S’il est devenu un mastodonte du secteur marchand et compte poursuivre son expansion, le commerce associé entend préserver son identité. Les purs investisseurs en demeurent exclus. Les entrepreneurs doivent présenter un projet solide et être porteurs des valeurs des groupements. « 18,5 % des candidats sont des salariés des groupements, 18 % des enfants d’associés », poursuit Guy Leclerc, qui précise par ailleurs que 16 % sont des transfuges de la franchise. L’ « esprit de famille » est essentiel dans les groupements : il est fréquent qu’un entrepreneur en parraine un autre. L’assistance est également technique et financière. Les groupements soutiennent les porteurs de projet via la Socorec, société financière dont le capital est détenu par une quarantaine de groupements de commerçants. Cet organisme a financé 400 projets, ce qui représente 125 millions d’euros de crédit. Une fois admis, l’associé entame une coopération à durée indéterminée, contrairement à la franchise où le membre d’un réseau doit renégocier périodiquement son contrat.


« Un homme, une voix »

En adhérant à un groupement, l’entrepreneur achète des parts sociales. Il devra par la suite s’acquitter de cotisations mensuelles ou annuelles pour participer aux charges d’exploitation. En contrepartie, en sa qualité d’actionnaire, il touche des dividendes.

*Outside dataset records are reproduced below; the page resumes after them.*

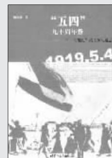
杨念群 著 世界图书出版公司 2009年1月出版

对“五四”运动，国内的解读长久以来存在着三种单一化倾向：或意识形态化的政治史叙事，或不加批判地套用西方自由主义的思想史分析，或以捍卫国学的名义否定“五四”批判精神。中国人民大学教授杨念群的这本新书认为，不应该对“五四”作过度的“思想史”分析，而应该将之“社会化”，更多地关注“五四”发生的社会环境，研究“五四”不同群体的行为差异及其后果。“五四”是中国社会长时段的全方位革新，它的“激荡”时间至少应拉长到20世纪30年代。正是来自基层社会重视实干、不看重空谈的气质推动了中国社会根本的变革。从这个认识出发，本书着重考察中国知识分子的“代际转换”以及与此相关的人际网络的变化轨迹，由此给出对“五四”“问题史”的新解释。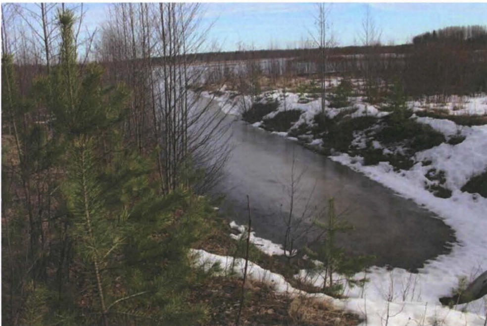
Kuva 2. Näkymä Kummun talon pihapiirin kaakkoispuolelta. Luoteesta. Uusi järveen menevä vesiväylä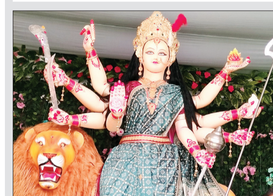
नगरिया मंदिर की दुर्गा प्रतिमा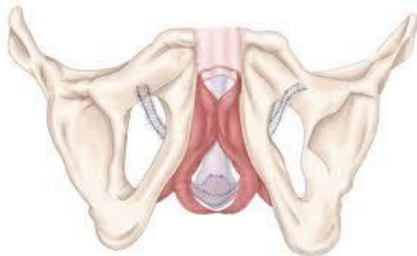
Figure 1 Bandelette urinaire AdVance™ chez l'homme. Source: Gracieuseté de American Medical Systems., 2016.

Il est normal de ressentir un léger engourdissement ou une sensation de brûlure au scrotum et au périnée pendant plusieurs semaines après la chirurgie. Parlez-en à votre chirurgien lors de votre rendez-vous de contrôle.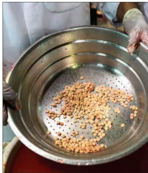
حبوب الكبتاغون وقد تلونت بالأحمر جراء إختلاط الكاتشاب بها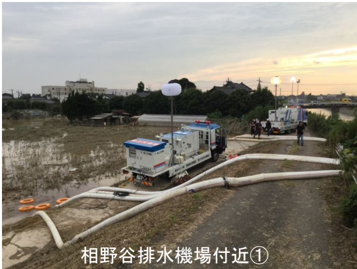
相野谷排水機場付近①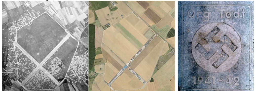
Une plaque a également été signalée par la DGAC à l'intersection des deux pistes.

Conches en Ouche (voir fiche Les Essentiels Connaissance n°53). La comparaison entre 1947 et aujourd'hui est intéressante.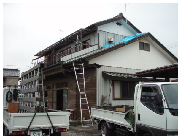
住家被害の状況③ 【栃木県塩谷町大久保地区】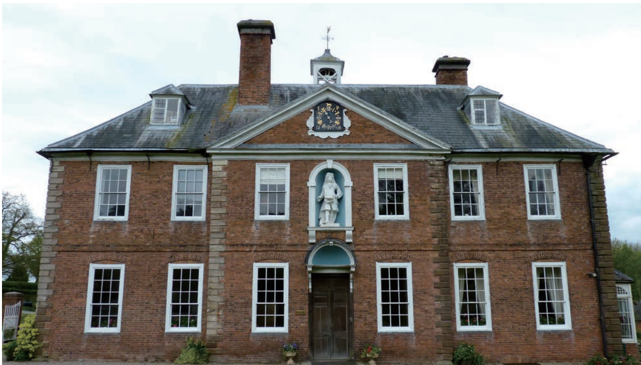
为纪念时任英国女王的安妮女王 (Queen Anne) 对莱克顿办学的支持, 学校具有 300 年历史的主楼被命名为安妮女王楼 (Queen Anne Building)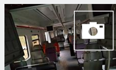
📺 Muere un hombre al descarrilar un tren de cercanías en Barcelona y salir disparado del vagón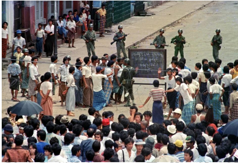
Gambar 2.1 Kondisi demonstrasi saat revolusi 8888 di Yangon (1988)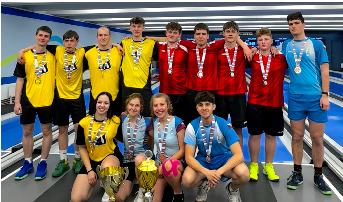
Finálový turnaj hostila šestidráha ve středočeských Kosmonosích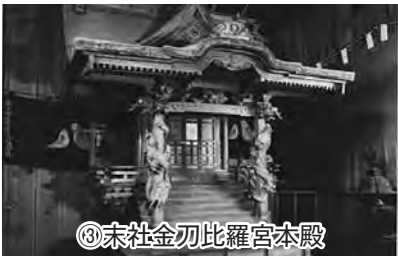
③末社金刀比羅宮本殿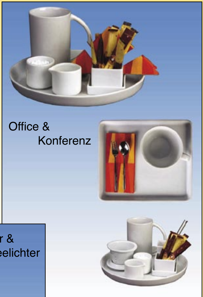
Office & Konferenz

Bringen Sie Ihre Werbung mit uns zum Erfolg!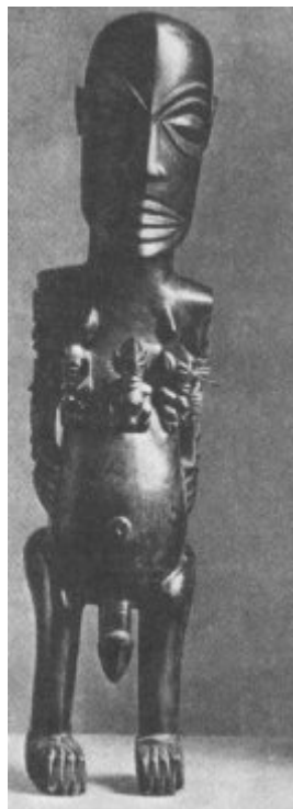
Bóg Te Rongo z trzema synami. Drewniany idol z wyspy Rarotonga (Archipelag Cooka), Polinezja

Bardziej dojrzałą religię mieli Drewniane figurki przodków. Z lewej — Nowa Polinezyjczycy (pierwotni Gwinea (Melanezja), po prawej — Wyspa mieszkańcy wysp Polinezji, Wielkanocna (Polinezja) pochodzenia austronezyjskiego, zamieszkujący umowny trójkąt między Hawajami, Wyspą Wielkanocną i Nową Zelandią) i Malezyjczycy . Dominowały różne tabu (pojęcie tabu jest pochodzenia polinezyjskiego). Wierzyli w Boga-Stwórcę, posiadali swoje legendy o początku świata (złowionego w morzu lub wyklutego z jaja). Obowiązkowe dla mężczyzn jest tatuowanie , które jest oznaką przymierza z bogiem szczepu.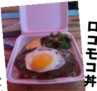
ハワイのロコモコ丼 やっぱり本場はおいしい！！でも日本人が作ってました(笑)

去年は、滋賀県、京都府、静岡県・・・と仲間たちと様々な場所へ旅行することができました。私は御朱印も集めているのですが、まだ行ったことのないところへ行ってその思い出をお客様や友人たちに伝えていきます。また、私の故郷である浪江町が徐々に復興へと歩んでおります。自分が何かできることを考え少しでも復興の手助けができるようにしていきます。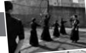
弓道部 活動詳細はこちら

毎年の新入部員について「大学で弓道をするには、経験者でないといけないと思われがちが多いと思うが、当部は未経験者も多く入部しているので安心して欲しい」と話してくれた。未経験者には、弓道の基本である「射法八節」を先輩が指導してくれるとのことだ。最後に「今年度は、男子団体・女子団体ともに1部昇格を果たすための活動をしていきたい。また、弓道は生涯武道であり将来に必ず役に立つと思う。少しでも興味があればぜひ練習を見学しに来て欲しい」と想いを語ってくれた。弓道部の更なる躍進に今年も期待したい。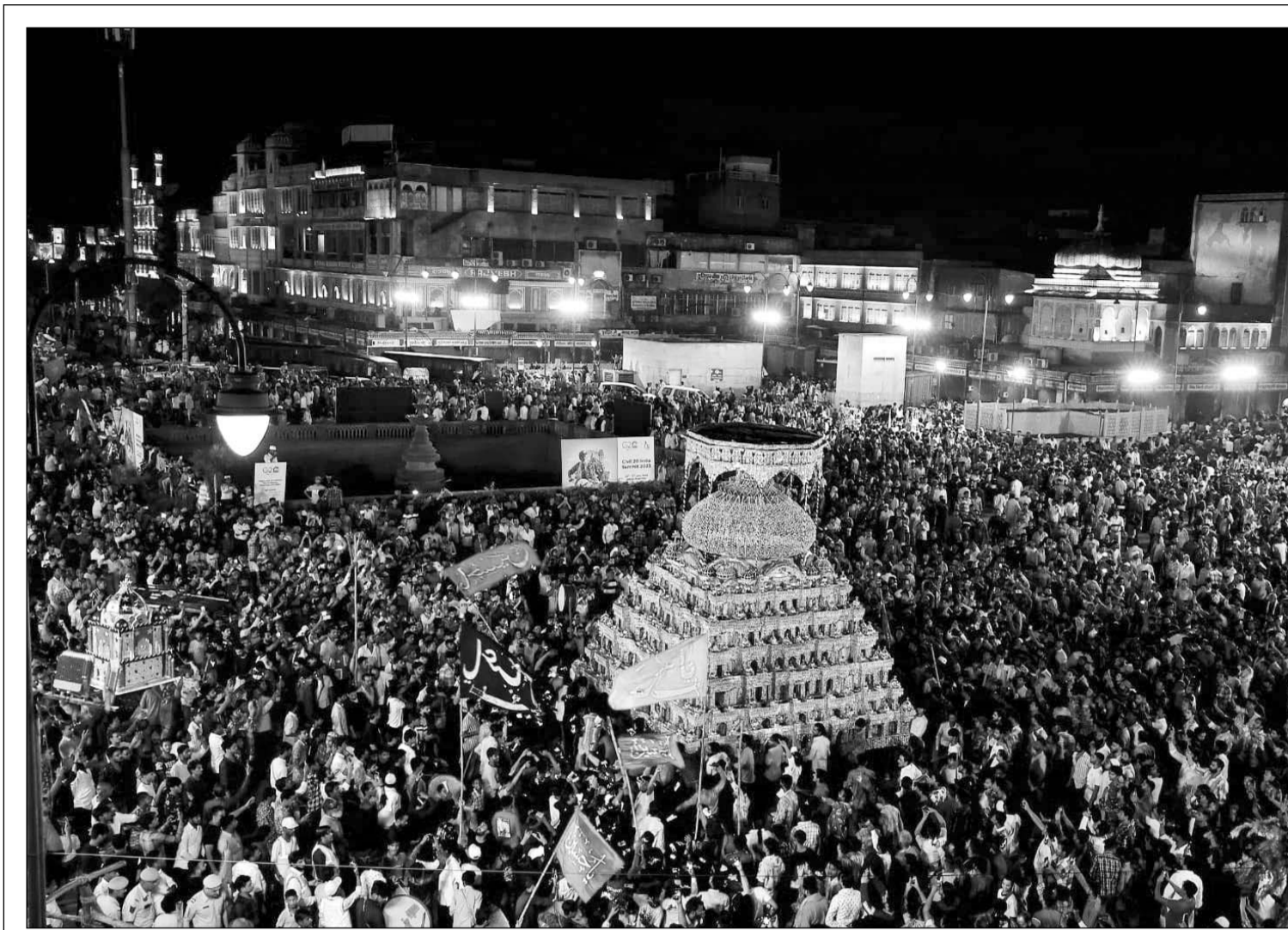
हजरत मुहम्मद साहब के नवासे इमाम हुसैन की शहादत की याद में शनिवार को मोहर्रम का योमे आशूरा मनाया गया। लोगों ने रोजे रखे, इबादत की, गरीबों को खाना खिलाया। उधर सभी मौहल्लों के ताजियों का बड़ी चौपड़ पर प्रदर्शन किया गया और उसके बाद शाम को इनको कारबला में सुपुर्दे खाक किया गया। हजरत इमाम हुसैन का जुलूस निकाला गया। इससे पहले मजलिस हुई और उसके बाद जुलूस पन्नीगरान, बांदी का नासिक, चार दरवाजा होता हुआ करबला पहुंचा। इस अवसर पर शहर की तमाम अंजुमनों ने जंजीरी मातम किया और इमाम हुसैन को खिराज अकीदत पेश की।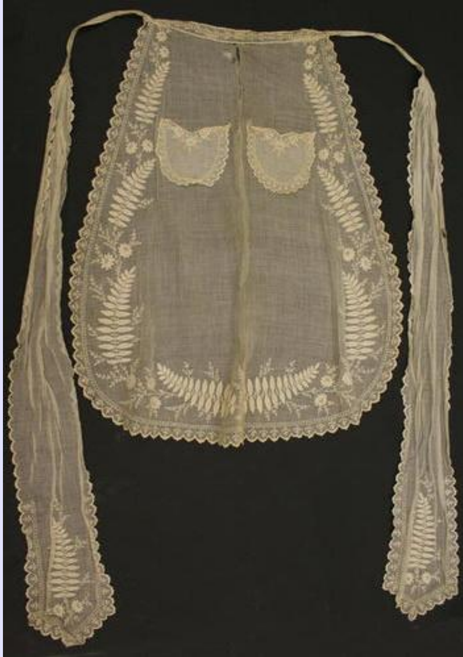
Фартук из тонкой ткани и вышивкой на поясе.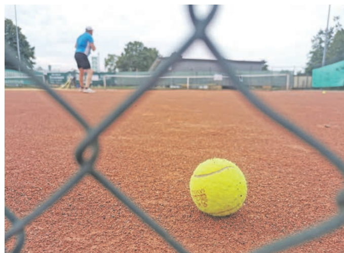
Die Tennissaison in Hunteburg startet am 27. April mit dem Schleifchenturnier.

Das Schleifchenturnier ist der Auftakt in eine Sommersaison, die geprägt sein wird von einem regen Punktspielbetrieb auf der Tennisanlage. 12 Mannschaften hat der Hunteburger Verein in diesem Jahr gemeldet - bei einer Mitgliederzahl von 210 Personen (Stand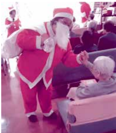
老人ホームクリスマス会に参加(はとの会) 12月16日 北相寿園

また、一人暮らし高齢者世帯・母子父子世帯・重度身体障害者世帯・重度の介護者世帯の方々にも、配分させていただいております。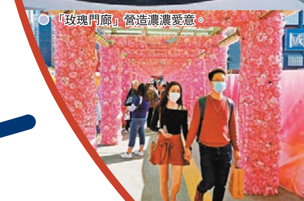
● 「玫瑰門廊」營造濃濃愛意。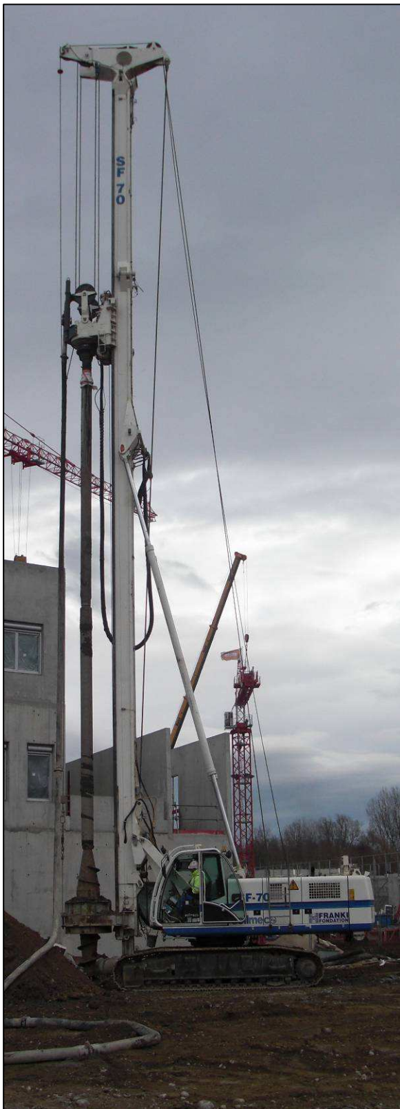
Réalisation des pieux de l'extension de soins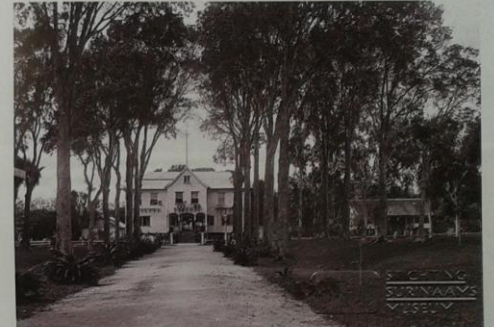
Het oude heren- of plantagehuis van Domburg.

rug in Nederland, permittieren om een huis aan het chique Lange Voorhout in Den Haag en twee buitenplaatsen in Wassenaar te kopen. Hij werd zelfs de koning van Suriname genoemd. Elias Bouvet werd dus de eigenaar van de westelijke helft, inclusief 'het woonhuis' ofwel het voornaam heren- of plantagehuis. Het ligt voor de hand dat Bouvet de naamgever was van zijn zelfstandige plantage, maar waarom koos hij voor Domburg? Hadden de Bouvets of de Houtkoopers, de familie van zijn echtgenote, iets met de Walcherse smalstad? Dat weten we helaas niet. De naam Domburg verscheen voor het eerst in 1719 op een kaart van Jacob Hengevelt. Elias Bouvet werd geboren in het Franse Alençon, vertrok naar Suriname en trouwde er in 1716 met Jeanne Houtkoopers, dochter van Nicolaas Houtkoopers en Philippa Bachman. Jeanne kwam ter wereld op het Nederlands-Caribische eiland Sint Eustatius, waar haar vader commandeur was. In Suriname werd Nicolaas 'capitein van de burgeren' genoemd. Na ongeveer vier jaar huwelijk overleed Elias. Jeanne bleef kinderloos achter en hertrouwde in 1723 met Pierre Thouron,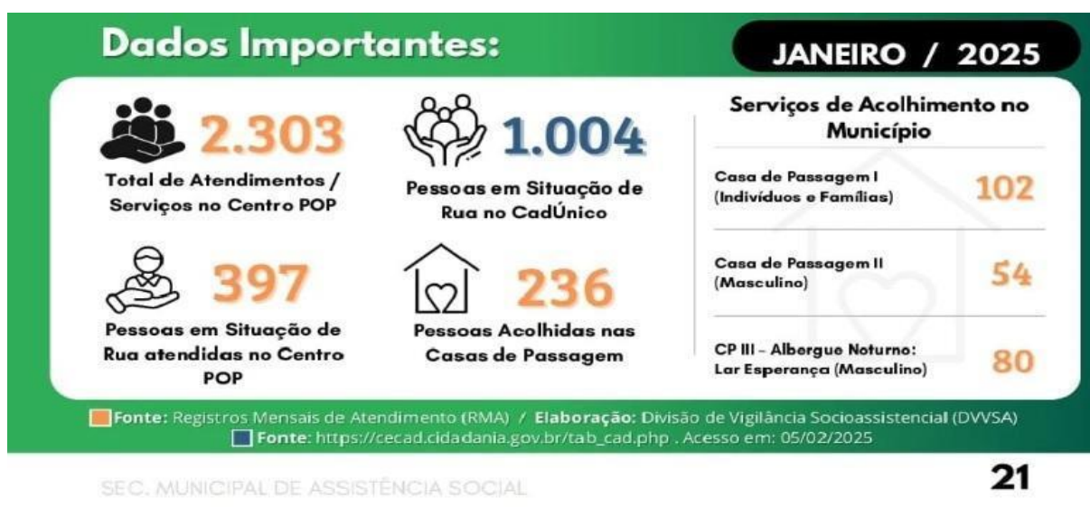
Imagem 1 – Situação dos Serviços de Acolhimento em Foz do Iguaçu – PR.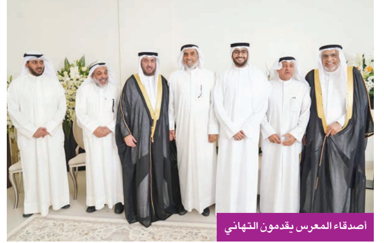
اصدقاء المعرس يقدمون التهاني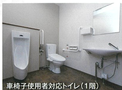
車椅子使用者対応トイレ(1階)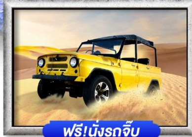
ฟรี!นั่งรถจี๊ป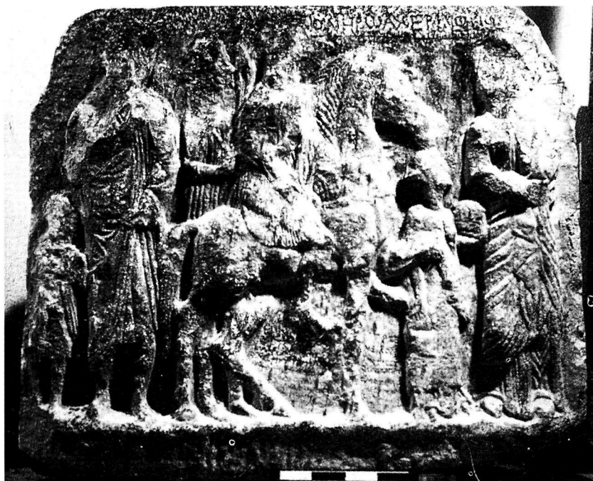
Εικ. 5. Απελευθερωτική επιγραφή από την Ελάτη Ελίμειας.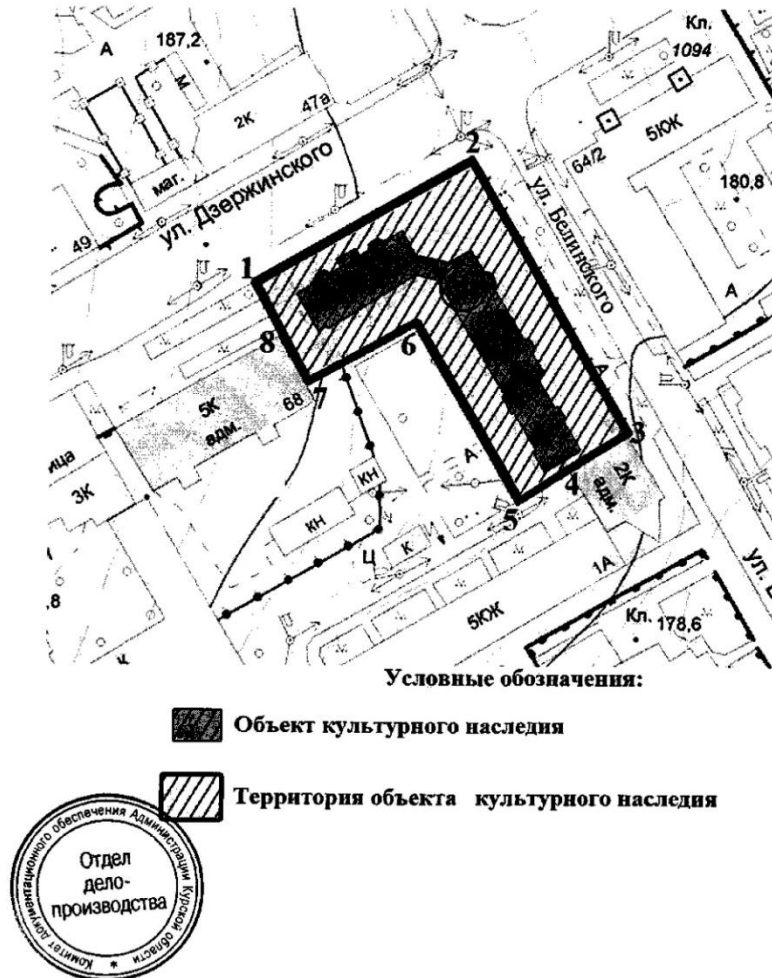
Схема (графическое описание местоположения) границ территории объекта культурного наследия регионального значения «Жилой дом с аркой», Курская область, г. Курск, ул. Дзержинского, 66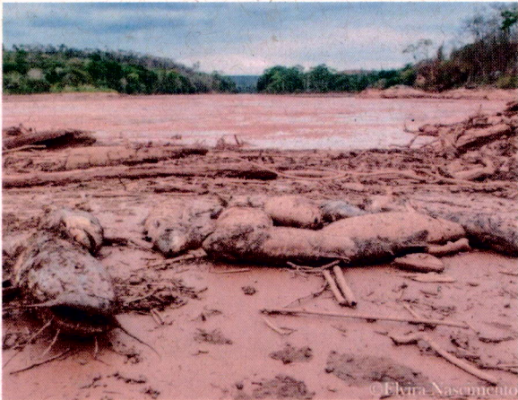
Foto 1: Peixes mortos a época da chegada da lama no município de São José do Goiabal com algumas galhadas arrastadas de outros lugares.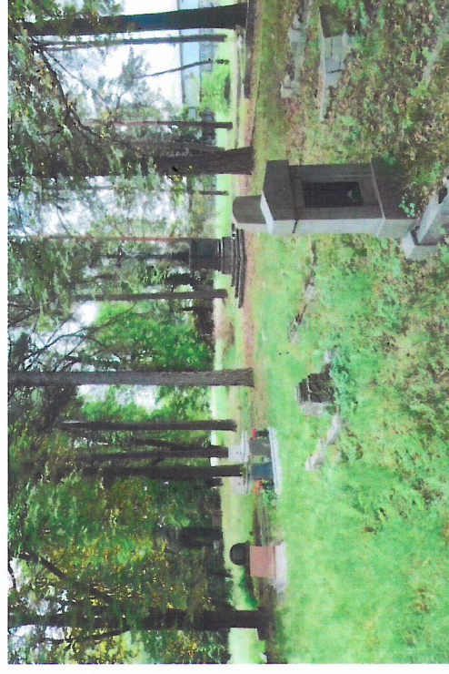
Widok od północnego-zachodu

Détenteur du capital, il participe pleinement aux décisions stratégiques de l’enseigne selon le principe « un homme, une voix ». Et ce quels que soient son ancienneté ou les résultats de son entreprise. Cette voix, il peut la faire valoir en assemblée générale mais aussi au conseil d’administration et à des commissions. Bref, la prise de décision au sein d’un groupement peut s’avérer longue. Mais cette gouvernance participative incite les adhérents à appliquer rapidement les résolutions.